Section 36 directs the FAA to “establish a research and development program to improve the cybersecurity of civil aircraft and the national airspace system” {§36(a)}. There is no specific guidance as to what that plan should include beyond mandating that a study of the topic be conducted by the National Academies. A report to Congress is required in 18 months.

Moving Forward

Knight and his two co-sponsors {Rep. Smith (R,TX) and Rep. Babin (R,TX)} are members of the House Science, Space, and Technology Committee, one of the two committees to which this bill was assigned for consideration. Babin is also a member of the House Transportation and Infrastructure Committee, the other committee. This means that both committees could actually consider this bill. With Chairman Smith as a cosponsor, it will almost certainly be considered in the Science, Space and Technology Committee.

There are no monies authorized to be spent by this bill and there are no provisions (mainly due to the lack of specificity in the requirements) that would draw the specific ire of anyone, so there should be no organized opposition to the bill. I suspect that it will be recommended for adoption by the Space, Science and Technology Committee and if it makes it to the floor of the House for consideration (probably under the suspension of the rules procedures) it will pass with substantial bipartisan support.


It is strange that the cybersecurity of avionics control systems is never mentioned in this bill. The provisions of §32 and §36 are clearly intended to address the issue, but they never directly say that. I suspect that this is done so as not to raise the specific objection from aircraft vendors (and their avionics system suppliers) that no one has ever demonstrated a vulnerability of those control systems. The weasel wording allows those concerned to ignore the specific provisions and thus not oppose the entire bill. This is politics.

Friday, July 21, 2017

HR 3191 Introduced – Russia Cybersecurity

Last week Rep. Boyle (D,PA) introduced HR 3191, the No Cyber Cooperation with Russia Act. The bill would disallow the expenditure of any federal funds for any joint US – Russian cybersecurity initiative. This is a response to the announcement by President Trump after he returned from the G20 Summit that he and Putin had discussed forming a joint cyber-security unit to protect against election hacking.

Section 2 of the bill says simply:

“No Federal funds may be used to establish, support, or otherwise promote, directly or indirectly, the formation of[,] or any United States participation in[,] a joint cybersecurity initiative involving the Government of Russia or any entity operating under the direction of the Government of Russia.”

There are no qualifying definitions or explanations.

Moving Forward

Boyle is a rather junior member of the House Foreign Affairs Committee to which this bill was assigned for consideration. Three of his 13 Democratic cosponsors are also members of that Committee. In normal circumstances, this could provide for the possibility of the bill being considered in Committee.
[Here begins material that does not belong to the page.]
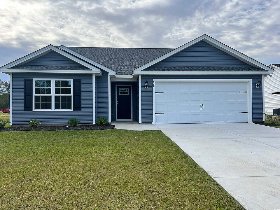 Night Owl Farms is proud to offer the Sewee II floor plan! In this Move-In Ready Home you will enjoy 3 bedrooms all on one level with light and bright kitchen, dining area, and family room that incorporates an open layout. Designer kitchen featuring a large work island, stainless Steel appliances, profiled Aristokraft™ Shaker style Cabinets with hardware, granite countertops with polished stainless steel sink, durable waterproof laminate flooring in main living areas with stain resistant carpet in bedrooms. Interior trim package includes window casings and stool for durability and appeal, relaxing baths with cultured marble countertops with integral bowl; executive height vanities in all bathrooms; elongated toilets; contoured fiberglass shower and tub units. Maintenance free exterior features such as premium vinyl siding, soffits and fascia; and high performance GAF™ Architectural shingles. Night Owl Farms is located off of Hwy 501 just 20 minutes to downtown Conway and minutes from Hwy 22 with quick access to Myrtle Beach, Little River, North Myrtle Beach, etc. Building lifestyles for over 35 years, we remain the Premier Homebuilder of new residential communities and custom homes in the Grand Strand and surrounding areas. In 2022, 2021, and2023 we received the Best Home Builder award from WMBF News Best of the Grand Strand. We want you to experience the local pride we build today and every day in Horry and Georgetown Counties. We are excited to welcome you home at Night Owl Farms! Photos, colors, and layouts are for illustration purposes only and can vary from home to home. Customization may be possible – call listing agent for availability. Square footages are approximate.
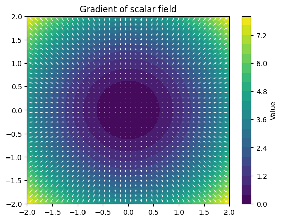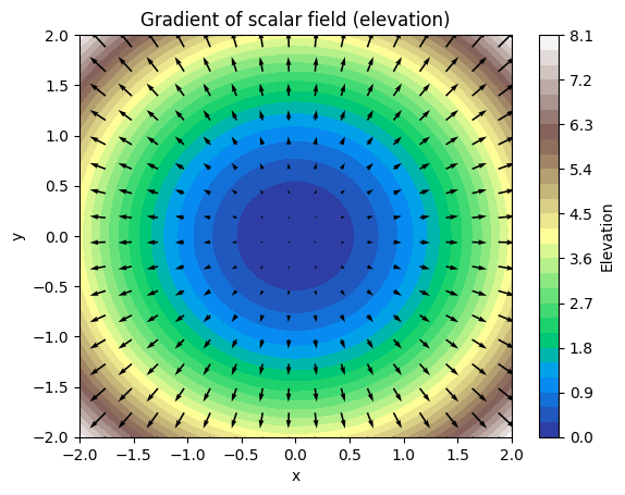 Gradient tedy převádí skalární pole (například pole nadmořské výšky) na vektorové pole, které v každém bodě ukazuje směr největší změny. Právě proto se gradient objevuje v mnoha fyzikálních zákonech – například při popisu proudění tepla, difuze látek nebo elektrického pole.

In this case, party membership probably trumps committee membership, so there is very little possibility of this bill being considered in Committee.


Even assuming that this is not a completely knee-jerk reaction to a “policy” announcement by Trump (as we frequently saw from Republicans during the Obama Administration) and that there are legitimate reasons to object to the specific policy proposal, the blunt wording of this proposal contains the seeds of many potential unintended consequences.

For example, if Interpol formed a task-force to take down criminal gangs operating botnets, and that unit included police from Russia (where at least some of these botnet operations are headquartered) then this bill would prohibit US participation in the effort. I highly doubt that that is what the crafters intended.

I suspect, however, that this bill (and the two others, HR 3259 and S 1544, that have not yet been printed by the GPO) was written to provide Democrats the opportunity to proclaim that they have introduced legislation opposing Trumps inopportune proposal. Even if the bill were to somehow be considered and approved by the House and Senate, it would certainly be vetoed by the President, if the unit had been a serious policy proposal in the first place (and that is an open question since the unit was proposed in a TWEET®).